Assignment
What you output must match, exactly, the lines from the start of the records to the line containing "[速干]马克珍妮男女童高弹运动外套儿童夹克2025年春夏新款550370", both ends kept and pictures excluded.

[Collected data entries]

════

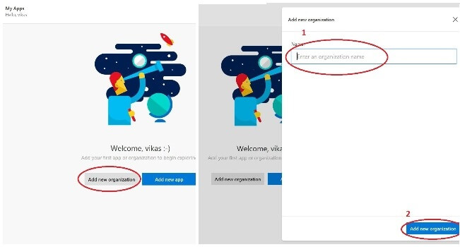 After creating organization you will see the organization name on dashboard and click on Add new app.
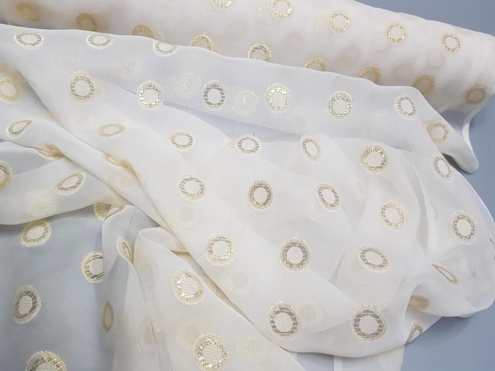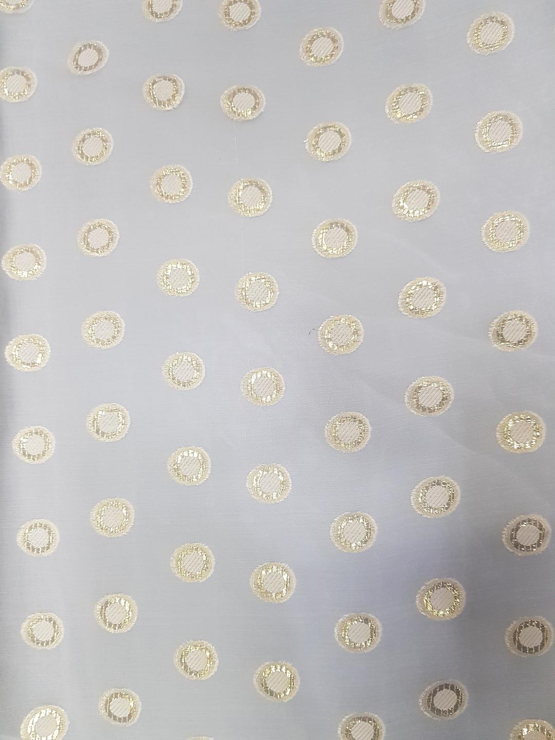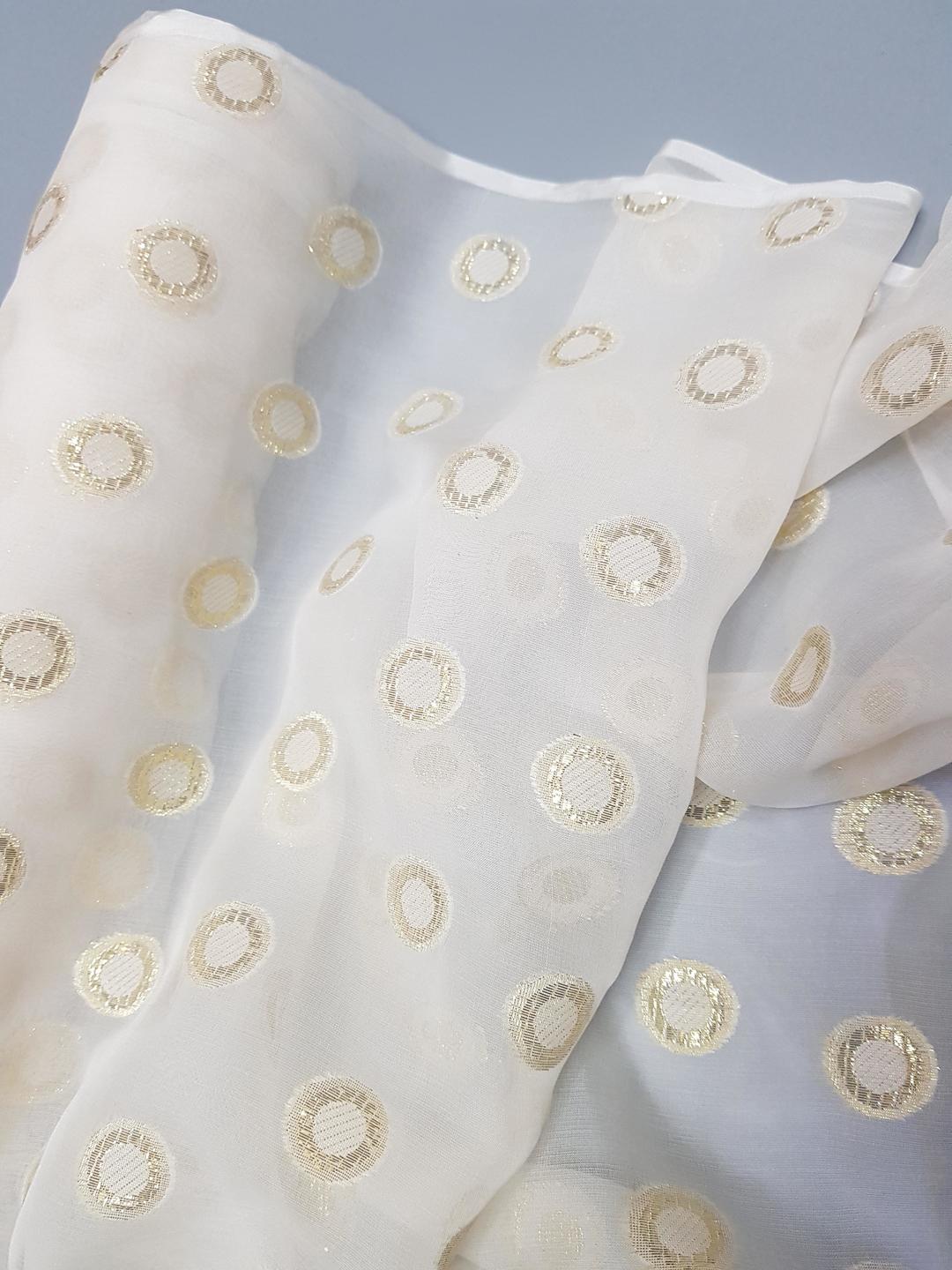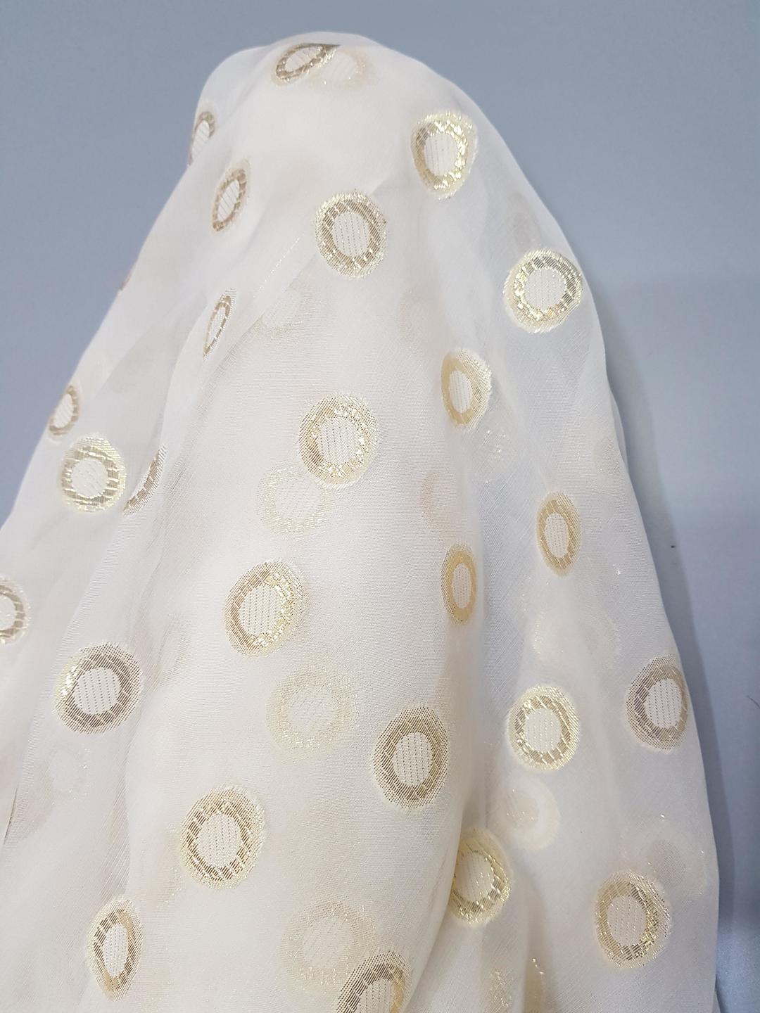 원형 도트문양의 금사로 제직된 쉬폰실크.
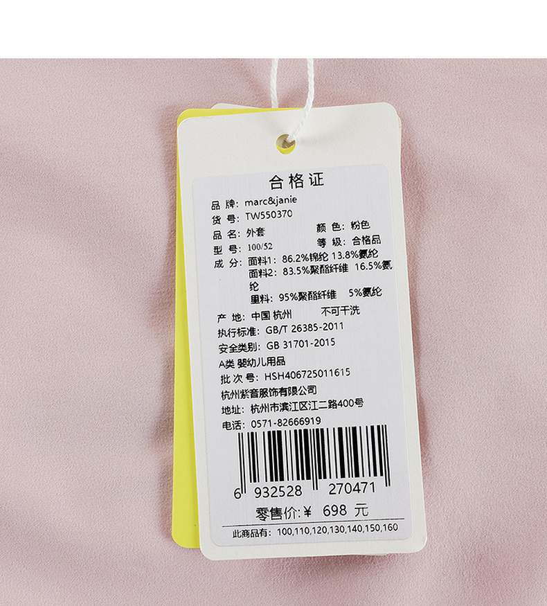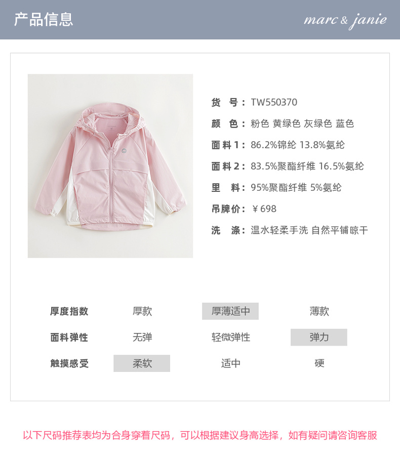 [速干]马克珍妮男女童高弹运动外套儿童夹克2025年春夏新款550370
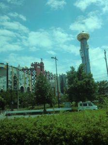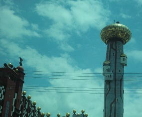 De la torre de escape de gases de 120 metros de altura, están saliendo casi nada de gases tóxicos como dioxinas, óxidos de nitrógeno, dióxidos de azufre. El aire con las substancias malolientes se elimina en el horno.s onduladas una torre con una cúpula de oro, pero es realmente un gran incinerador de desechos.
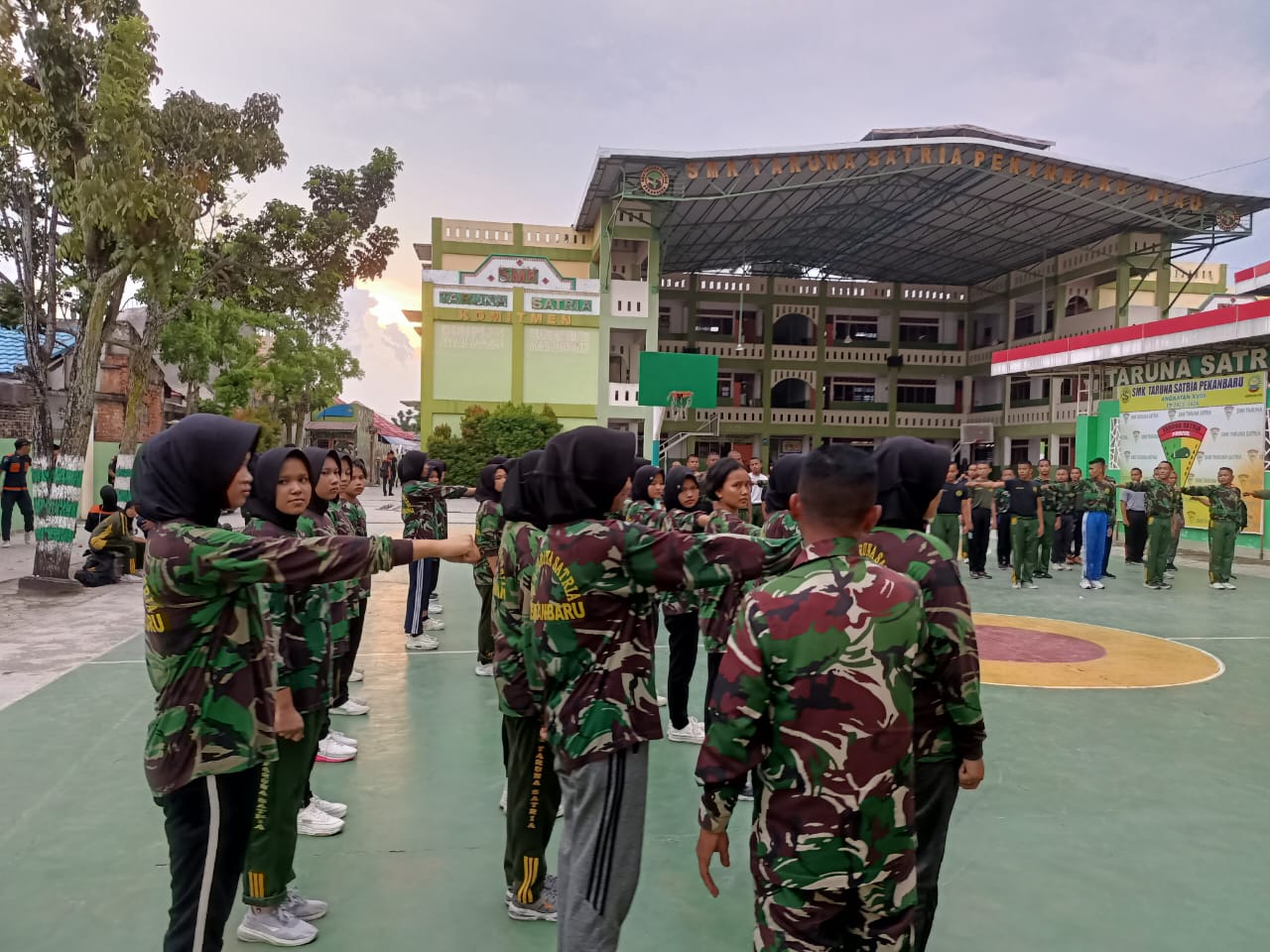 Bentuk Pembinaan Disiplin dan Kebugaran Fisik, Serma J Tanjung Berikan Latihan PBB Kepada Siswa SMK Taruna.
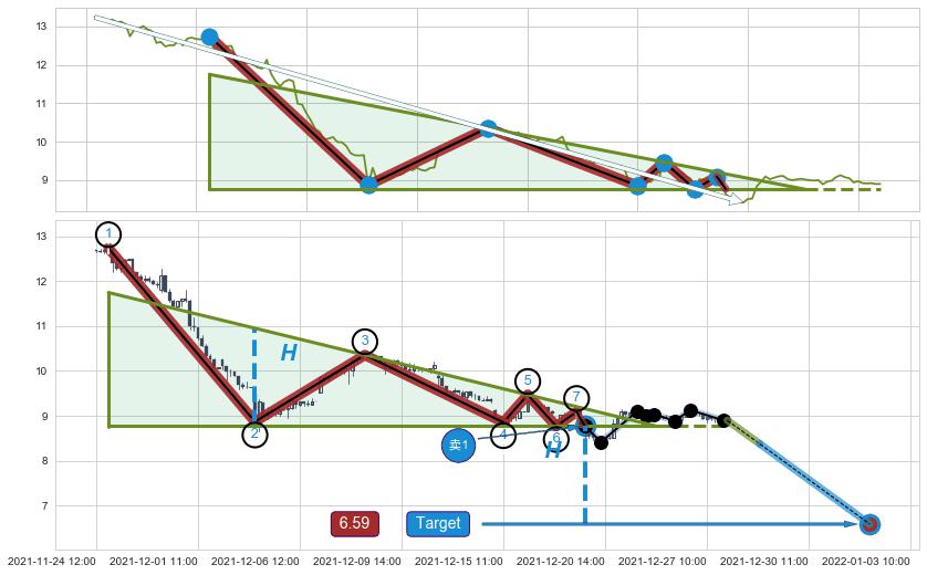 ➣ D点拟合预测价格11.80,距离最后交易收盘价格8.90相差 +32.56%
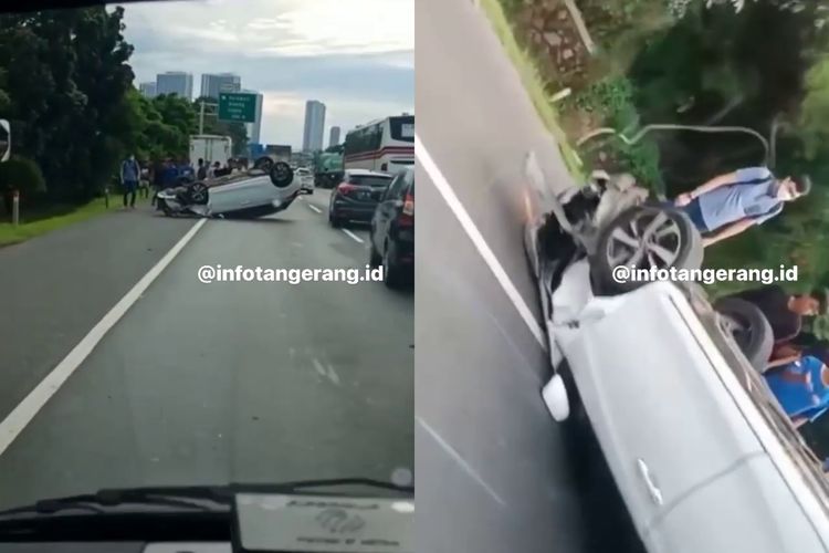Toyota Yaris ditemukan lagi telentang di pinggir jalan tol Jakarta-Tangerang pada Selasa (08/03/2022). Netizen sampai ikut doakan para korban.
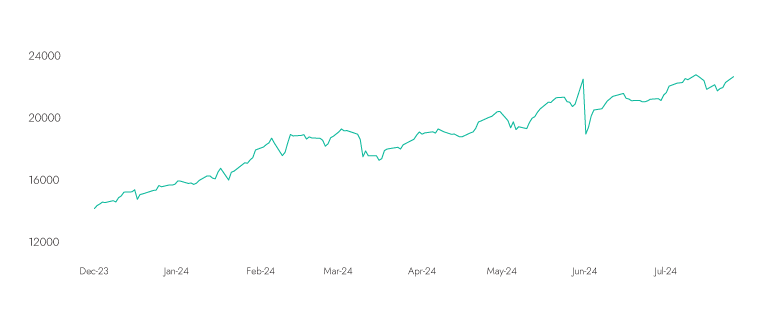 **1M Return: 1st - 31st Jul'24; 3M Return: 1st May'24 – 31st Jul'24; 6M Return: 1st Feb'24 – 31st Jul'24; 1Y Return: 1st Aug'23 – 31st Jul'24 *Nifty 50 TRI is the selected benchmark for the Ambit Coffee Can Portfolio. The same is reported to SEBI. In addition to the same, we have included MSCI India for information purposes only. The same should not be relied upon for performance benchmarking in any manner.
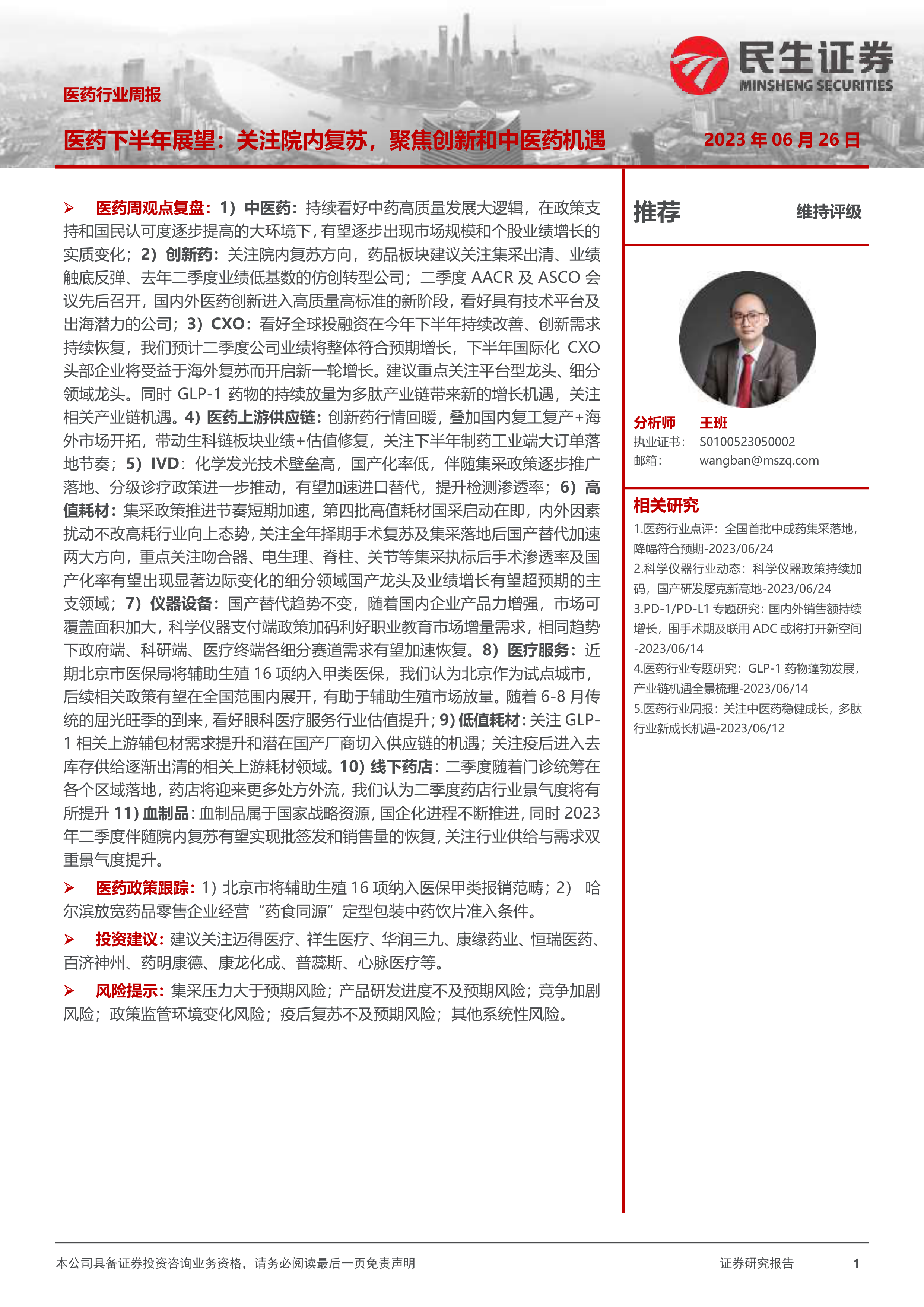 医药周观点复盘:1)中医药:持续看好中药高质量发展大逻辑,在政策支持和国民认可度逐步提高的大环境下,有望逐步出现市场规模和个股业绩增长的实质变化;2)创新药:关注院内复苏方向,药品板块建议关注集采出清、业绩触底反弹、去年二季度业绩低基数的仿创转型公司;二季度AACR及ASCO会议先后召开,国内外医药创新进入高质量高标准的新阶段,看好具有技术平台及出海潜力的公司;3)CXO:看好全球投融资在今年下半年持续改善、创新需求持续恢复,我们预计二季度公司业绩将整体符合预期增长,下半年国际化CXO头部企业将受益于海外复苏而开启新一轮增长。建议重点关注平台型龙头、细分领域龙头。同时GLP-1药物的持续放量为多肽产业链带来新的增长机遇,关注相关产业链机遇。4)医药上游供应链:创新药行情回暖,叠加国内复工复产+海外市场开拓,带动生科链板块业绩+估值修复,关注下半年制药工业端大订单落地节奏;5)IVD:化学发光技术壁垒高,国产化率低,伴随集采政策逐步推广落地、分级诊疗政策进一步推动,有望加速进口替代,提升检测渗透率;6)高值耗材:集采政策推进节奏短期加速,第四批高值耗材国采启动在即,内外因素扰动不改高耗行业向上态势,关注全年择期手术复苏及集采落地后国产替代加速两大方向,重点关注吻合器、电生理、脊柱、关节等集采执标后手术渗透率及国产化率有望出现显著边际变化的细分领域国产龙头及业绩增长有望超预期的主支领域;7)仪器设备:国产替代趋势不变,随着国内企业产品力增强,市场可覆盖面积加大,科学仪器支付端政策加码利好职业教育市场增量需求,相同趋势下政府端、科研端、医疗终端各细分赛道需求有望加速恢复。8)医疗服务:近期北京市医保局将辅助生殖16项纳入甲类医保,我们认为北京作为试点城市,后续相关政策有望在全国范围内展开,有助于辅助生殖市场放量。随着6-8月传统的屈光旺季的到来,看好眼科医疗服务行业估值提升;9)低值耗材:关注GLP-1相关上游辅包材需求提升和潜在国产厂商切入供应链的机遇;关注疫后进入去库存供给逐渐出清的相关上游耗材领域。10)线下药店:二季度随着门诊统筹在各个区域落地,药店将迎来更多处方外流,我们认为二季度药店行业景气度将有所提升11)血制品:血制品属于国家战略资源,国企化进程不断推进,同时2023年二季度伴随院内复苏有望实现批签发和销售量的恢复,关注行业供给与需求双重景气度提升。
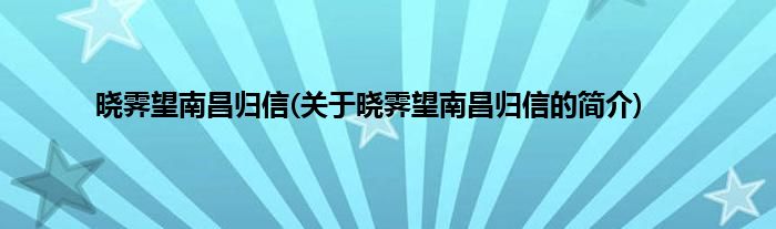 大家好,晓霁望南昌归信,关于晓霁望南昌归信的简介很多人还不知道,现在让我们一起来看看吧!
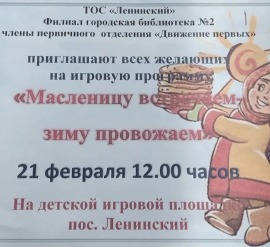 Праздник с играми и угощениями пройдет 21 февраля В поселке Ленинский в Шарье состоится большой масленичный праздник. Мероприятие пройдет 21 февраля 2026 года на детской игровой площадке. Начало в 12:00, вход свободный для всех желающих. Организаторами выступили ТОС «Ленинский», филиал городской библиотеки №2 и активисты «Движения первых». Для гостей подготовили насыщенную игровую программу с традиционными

════

Response
 After creating organization you will see the organization name on dashboard and click on Add new app.
 원형 도트문양의 금사로 제직된 쉬폰실크.
 [速干]马克珍妮男女童高弹运动外套儿童夹克2025年春夏新款550370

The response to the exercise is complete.